- Died: 7 November 1783 Tyburn, Middlesex
- Occupation: footpad
- Criminal status: Executed by hanging
- Convictions: Attempted murder Highway robbery
- Criminal penalty: Death

= John Austin (highwayman) =

English criminal (died 1783)

John Austin (died 7 November 1783) was an English footpad who became the last person to be hanged at the Tyburn gallows just outside London. He was sentenced to death for the attempted murder of a labourer called John Spicer from Kent during a robbery. The Recorder of London, James Adair, described it as a "robbery with violence" that involved "cutting and wounding [...] in a cruel manner." This hanging would mark the end of Tyburn, a village in Middlesex, being a place of executions for almost 600 years.
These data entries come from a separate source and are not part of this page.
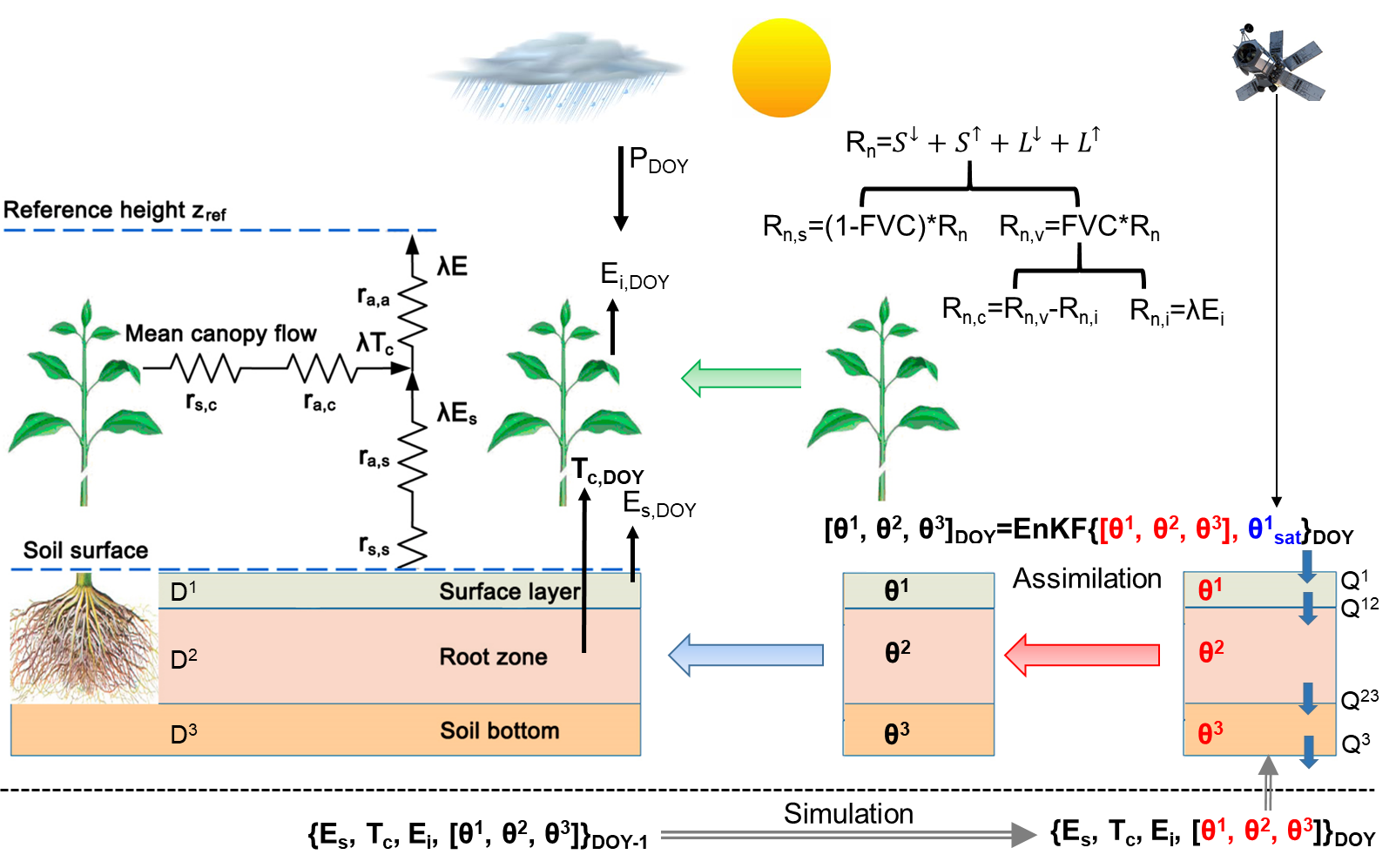 旱区蒸散发组分精细化遥感监测模型系统示意图(Yaokui Cui et al., JoH, 2021)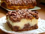 SERNIK KRÓLEWSKI 523rodzynki, morele,skórkę pomarańczową czy orzechy. Składniki na kruche ciasto: 500 g mąki pszennej 1 jajko 3 łyżki kwaśnej, gęstej śmietany 18% 1 łyżka smalcu 200 g masła 1,5 szklanki cukru pudru 3 łyżki gorzkiego kakao 1 łyżeczka proszku do pieczenia Składniki na masę serową: 1 kg. twarogu śmietankowego (musi być zmielony 3 krotnie) ja użyłam firmy President(...)Cały czas miksując, dodawałam po jednym żółtku. Następnie stopniowo dodawałam twaróg. Po nim wsypałam połowę opakowania budyniu. Dokładnie wszystko zmiksowałam. Białka ubiłam na sztywną pianę. Dodawałam stopniowo i delikatnie wymieszałam. Blachę o wymiarach 23/34 cm wyłożyłam papierem do pieczenia. Z zamrażalnika wyjęłam jedną połówkę ciasta. Starłam ją na tarce o grubych oczkach. Na wiórki wylałam masę serową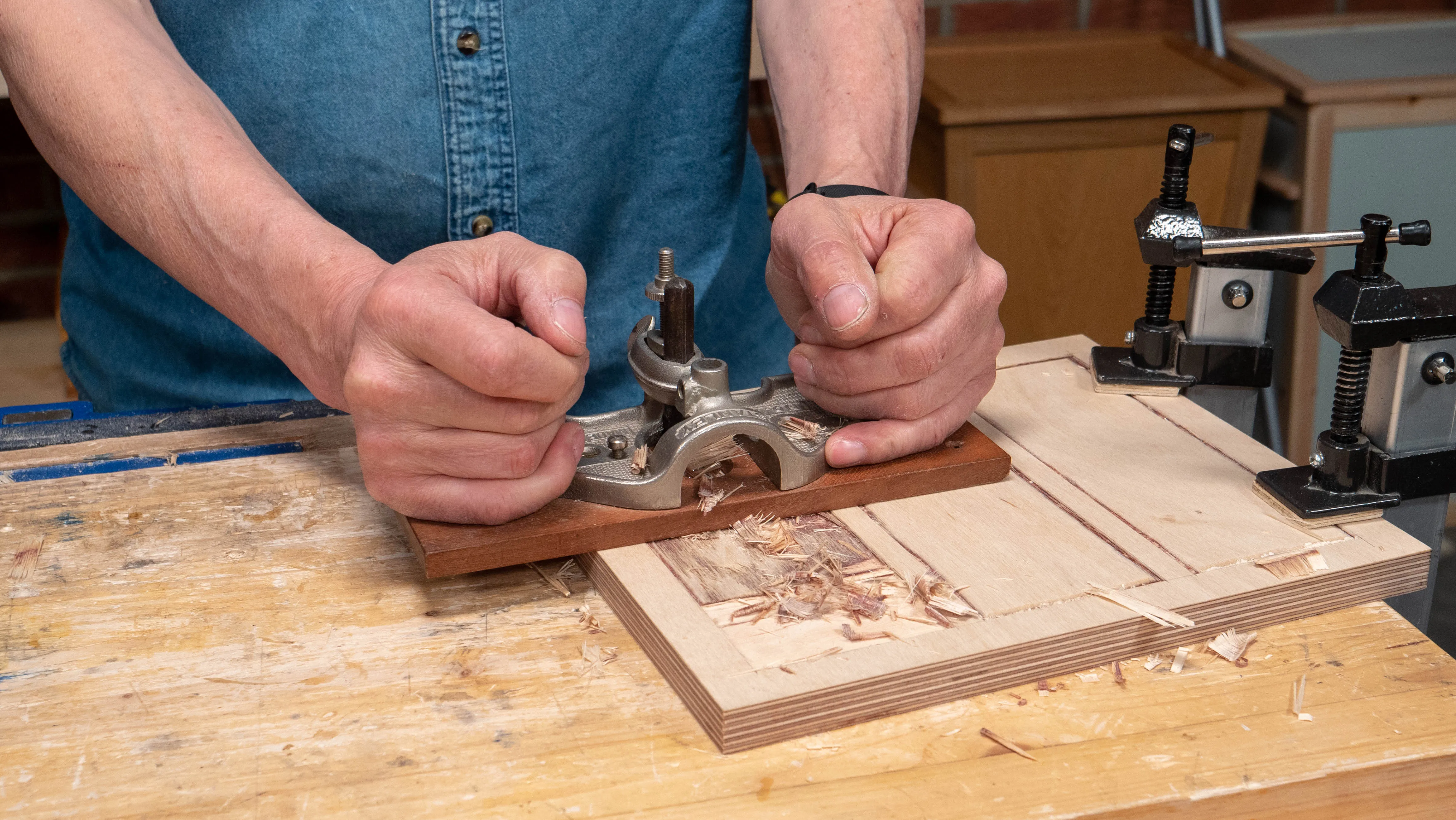 Use the router plane to reach the final depth of ⅛” (3mm). Paul recommends using a wooden router or one with a wooden sole if you have one. This is because the wood is less likely to mark the border of your holder.

Austin was brought from Newgate prison in the City of London by cart to the gallows. The 21/2 mile journey along Tyburn Road would have taken up to three hours. Standing shackled in the cart, he would have been accompanied by two guards and a chaplain. They would traditionally stop on the way at St Sepulchre-without-Newgate and two public houses where drinks would be served.

On arrival at Tyburn, Austin's cart would have been positioned under a beam and a noose attached around his head. He would then be permitted to address the crowd, his last words were:
"Good people, I request your prayers for the salvation of my departing soul. Let my example teach you to shun the bad ways I have followed. Keep good company, and mind the word of God. Lord have mercy on me. Jesus look down with pity on me. Christ have mercy on my poor soul!"
However, for Austin the noose slipped up the back of his neck, and as the cart was taken from under him the slackness in the rope prevented rapid asphyxiation. It was said it took 10 minutes for him to choke to death. After Austin was hanged, his body was cut down and sent for formal dissection by The Company of Surgeons at the Surgeon's Hall in the Old Bailey.

The gallows were dismantled after the execution. Future public hangings were now conducted on a scaffold named the "new drop" outside the Newgate.